* **Exercise**:
In the records below, begin at the line that has "Generic - 2.0L" and stop after the line that has "もちろんフレアスカートなどにインたメリハリのあるスタイリングもおすすめです。 | |"; quote those lines verbatim and nothing more.

* **Input**:
::::::::::
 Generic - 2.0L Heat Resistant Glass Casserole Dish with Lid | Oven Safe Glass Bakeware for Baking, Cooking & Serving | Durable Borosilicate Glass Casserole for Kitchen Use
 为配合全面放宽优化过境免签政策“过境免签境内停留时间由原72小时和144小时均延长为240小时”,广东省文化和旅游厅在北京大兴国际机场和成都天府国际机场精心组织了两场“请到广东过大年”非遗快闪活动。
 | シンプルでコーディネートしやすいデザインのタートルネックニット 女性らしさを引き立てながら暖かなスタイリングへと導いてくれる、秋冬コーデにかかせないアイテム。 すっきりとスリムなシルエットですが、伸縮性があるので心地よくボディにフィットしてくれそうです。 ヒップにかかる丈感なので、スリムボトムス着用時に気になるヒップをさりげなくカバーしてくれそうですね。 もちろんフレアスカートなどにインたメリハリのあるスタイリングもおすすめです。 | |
::::::::::
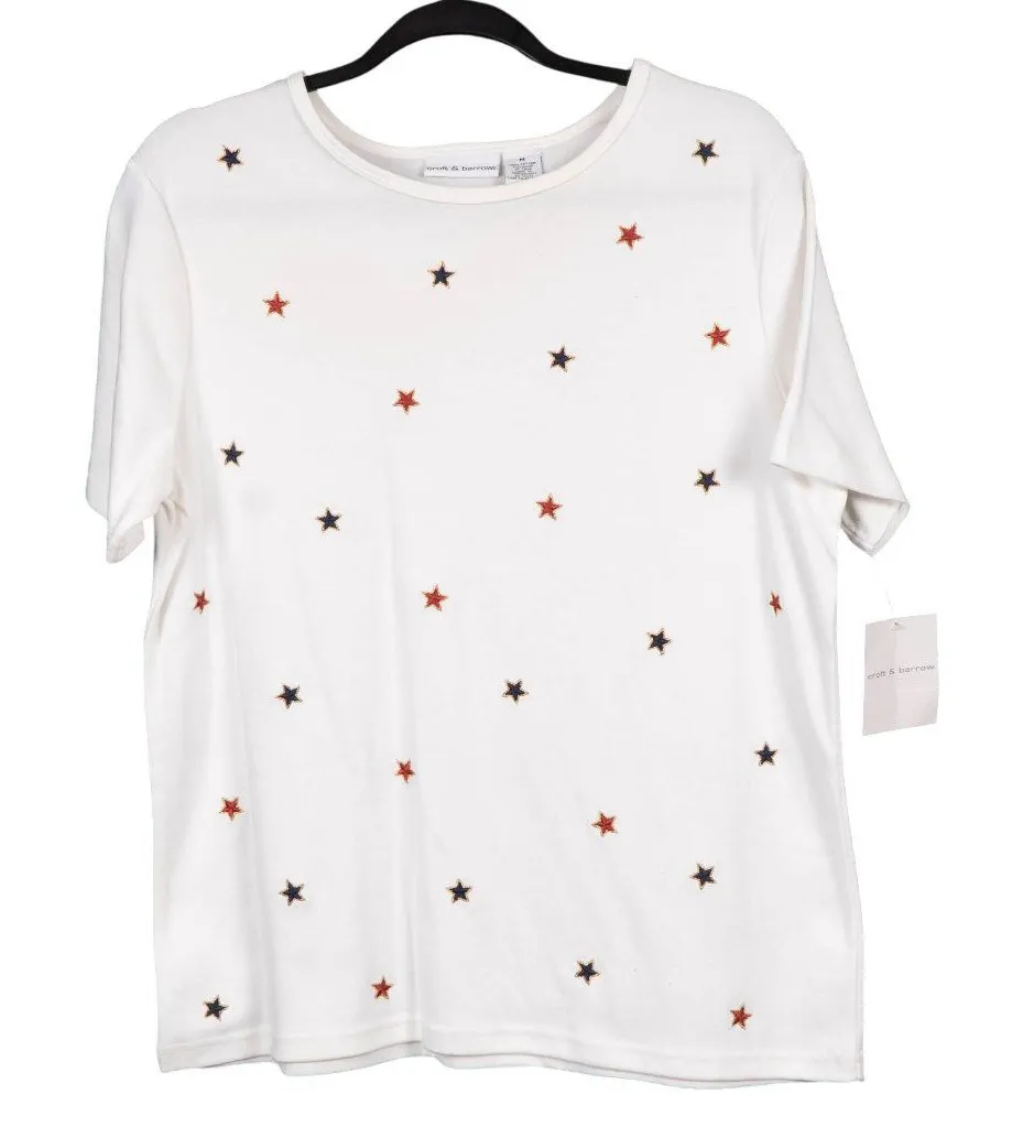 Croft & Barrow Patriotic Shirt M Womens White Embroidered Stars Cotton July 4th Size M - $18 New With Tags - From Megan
::::::::::
* **Expected output**:
 Generic - 2.0L Heat Resistant Glass Casserole Dish with Lid | Oven Safe Glass Bakeware for Baking, Cooking & Serving | Durable Borosilicate Glass Casserole for Kitchen Use
 为配合全面放宽优化过境免签政策“过境免签境内停留时间由原72小时和144小时均延长为240小时”,广东省文化和旅游厅在北京大兴国际机场和成都天府国际机场精心组织了两场“请到广东过大年”非遗快闪活动。
 | シンプルでコーディネートしやすいデザインのタートルネックニット 女性らしさを引き立てながら暖かなスタイリングへと導いてくれる、秋冬コーデにかかせないアイテム。 すっきりとスリムなシルエットですが、伸縮性があるので心地よくボディにフィットしてくれそうです。 ヒップにかかる丈感なので、スリムボトムス着用時に気になるヒップをさりげなくカバーしてくれそうですね。 もちろんフレアスカートなどにインたメリハリのあるスタイリングもおすすめです。 | |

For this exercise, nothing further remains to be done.